Got it, thanks a lot.
@mason5957 Hi,I also encountered the problem with
AttributeError: 'numpy.int64' object has no attribute 'detach'
you mentioned above. How did you fix this bug?
@cantbebetter2 Hi, I have changed the class CheckpointFunction in ldm/modules/diffusionmodules/util.py aT line 190 into
`class CheckpointFunction(torch.autograd.Function): @staticmethod def forward(ctx, run_function, length, *args): ctx.run_function = run_function ctx.input_tensors = list(args[:length]) ctx.input_params = list(args[length:])
with torch.no_grad():
output_tensors = ctx.run_function(*ctx.input_tensors)
return output_tensors
@staticmethod
def backward(ctx, *output_grads):
# print("ctx.input_tensors: ",ctx.input_tensors)
# print(type(ctx.input_tensors))
# for x in ctx.input_tensors:
# print(x.dtype)
# print(x)
# assume ctx.input_tensors include NumPy arrays and PyTorch Tensors
ctx.input_tensors = [
x if isinstance(x, torch.Tensor)
else torch.tensor(x, dtype=torch.float32).requires_grad_(True) if isinstance(x, (np.ndarray, np.generic))
else x
for x in ctx.input_tensors
]
ctx.input_tensors = [x.detach().requires_grad_(True) for x in ctx.input_tensors]
with torch.enable_grad():
# Fixes a bug where the first op in run_function modifies the
# Tensor storage in place, which is not allowed for detach()'d
# Tensors.
shallow_copies = [x.view_as(x) for x in ctx.input_tensors]

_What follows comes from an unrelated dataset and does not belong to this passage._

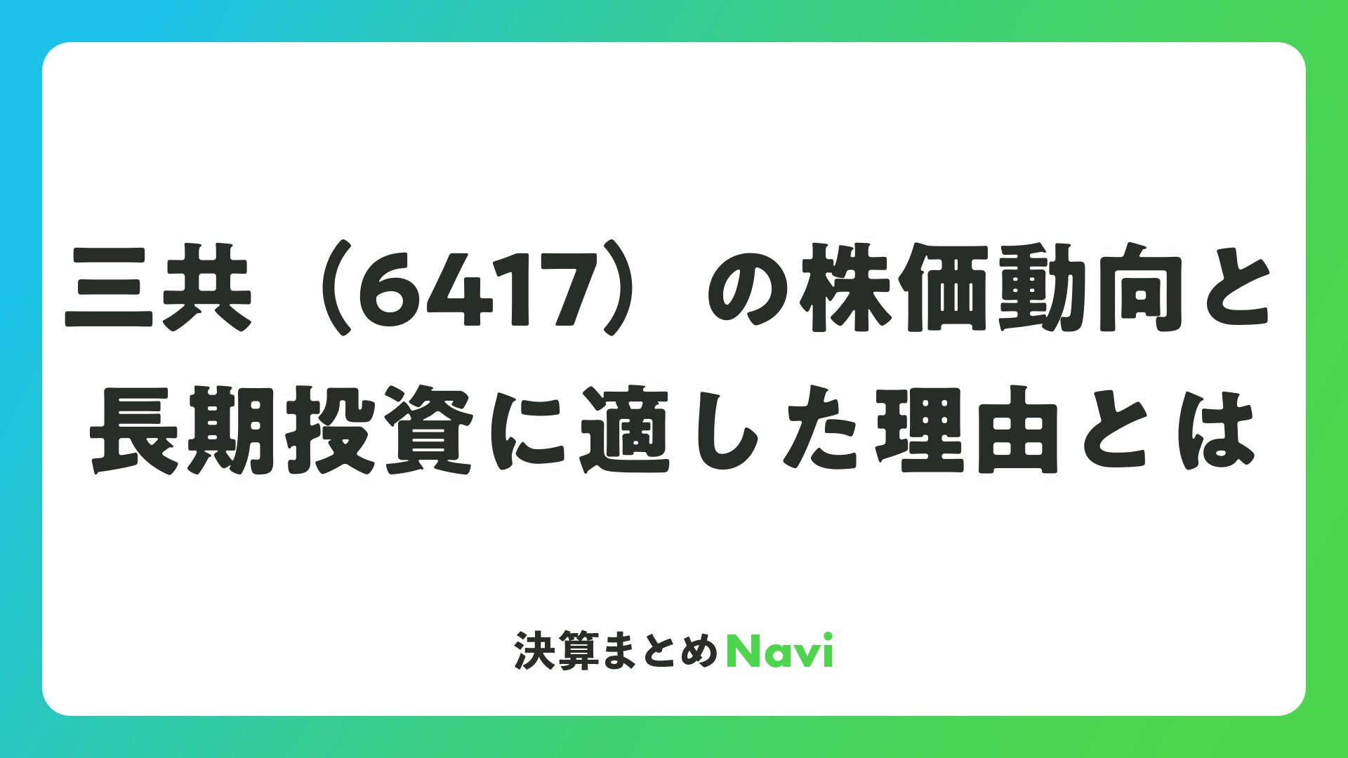 三共(6417)の株価動向と長期投資に適した理由とはをまとめました

# shallow_copies = [x.view_as(x) if idx != 2 else x.view_as(x).item() for idx, x in enumerate(ctx.input_tensors)]
# print("shallow_copies[0]:", shallow_copies[0])
# print("shallow_copies[1]:", shallow_copies[1])

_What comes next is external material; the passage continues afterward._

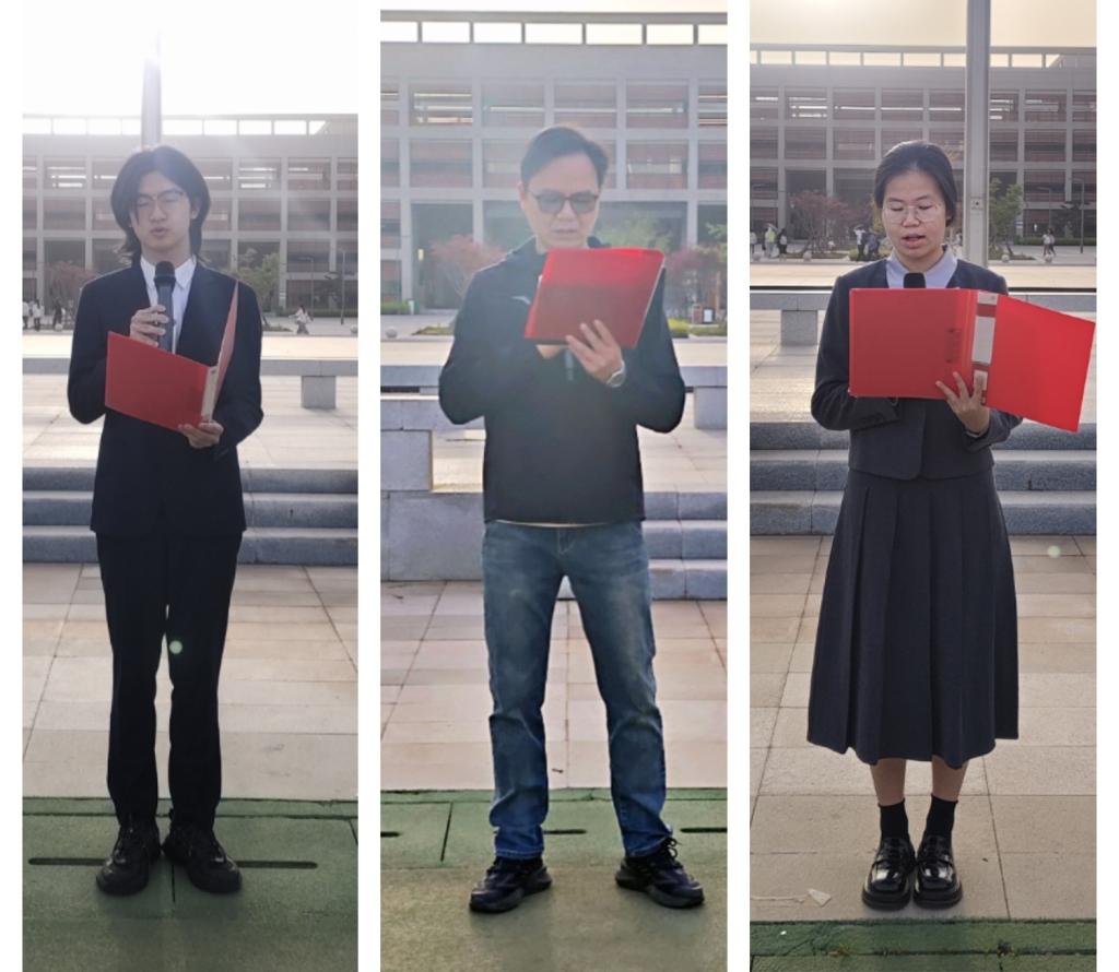 早上6点50,升旗仪式正式开始。英姿飒爽的国旗护卫队迈着铿锵有力的步伐护送国旗入场。伴随着雄壮的《义勇军进行曲》,鲜艳的五星红旗冉冉升起,全体师生肃立注目,齐唱国歌,表达对祖国的崇高敬意。仪式上,教师代表陈勇老师发言,他沉稳有力的声音回荡在操场上,鼓励同学们在学习中精益求精,他勉励同学们树立家国情怀,以扎实学识服务国家战略需求,做有理想、敢担当、能吃苦、肯奋斗的新时代大学生。接下来,学生代表数学5231班周忆景呼吁同学们紧握民族复兴接力棒,担时代重任,铭记历史,居安思危,以实际行动践行“强国有我”的青春誓言。最后数学5244班周震宇号召同学们增强保密意识、树立正确价值观、努力学习,从自身和小事做起,为维护国家安全贡献力量,共同筑牢防线。

# print("shallow_copies[2]:", shallow_copies[2])
output_tensors = ctx.run_function(*shallow_copies)
input_grads = torch.autograd.grad(
output_tensors,
ctx.input_tensors + ctx.input_params,
output_grads,
allow_unused=True,
)
del ctx.input_tensors
del ctx.input_params
del output_tensors
return (None, None) + input_grads`
@mason5957 Thanks a lot! I was surprised that you responded so quickly, it definitely solved my problem. By the way, may I ask how much time it takes for one PTQ calibration. I successfully run the script for imagenet without pd_optimize_timeembed and pd_optimize_timewise, and it already takes much longer time than other PTQ methods.
@cantbebetter2 Not at all. For me, the entire process typically takes about 2 days to complete.
@mason5957 @cantbebetter2
The time cost is mainly at the reconstruction stage (for the weights). Typically we just load the weight quantization parameters and then calculate the time cost and performance. It is also valid to skip the reconstruction stage, sometimes with negligible performance degradation.
If you run without pd_optimize_timeembed and pd_optimize_timewise (w8a8 and w4a8), it is just QDiffusion without activation reconstruction, which cannot take more time.
Thank you for your work. However, Is it normal for the model initialization process to take up to an hour?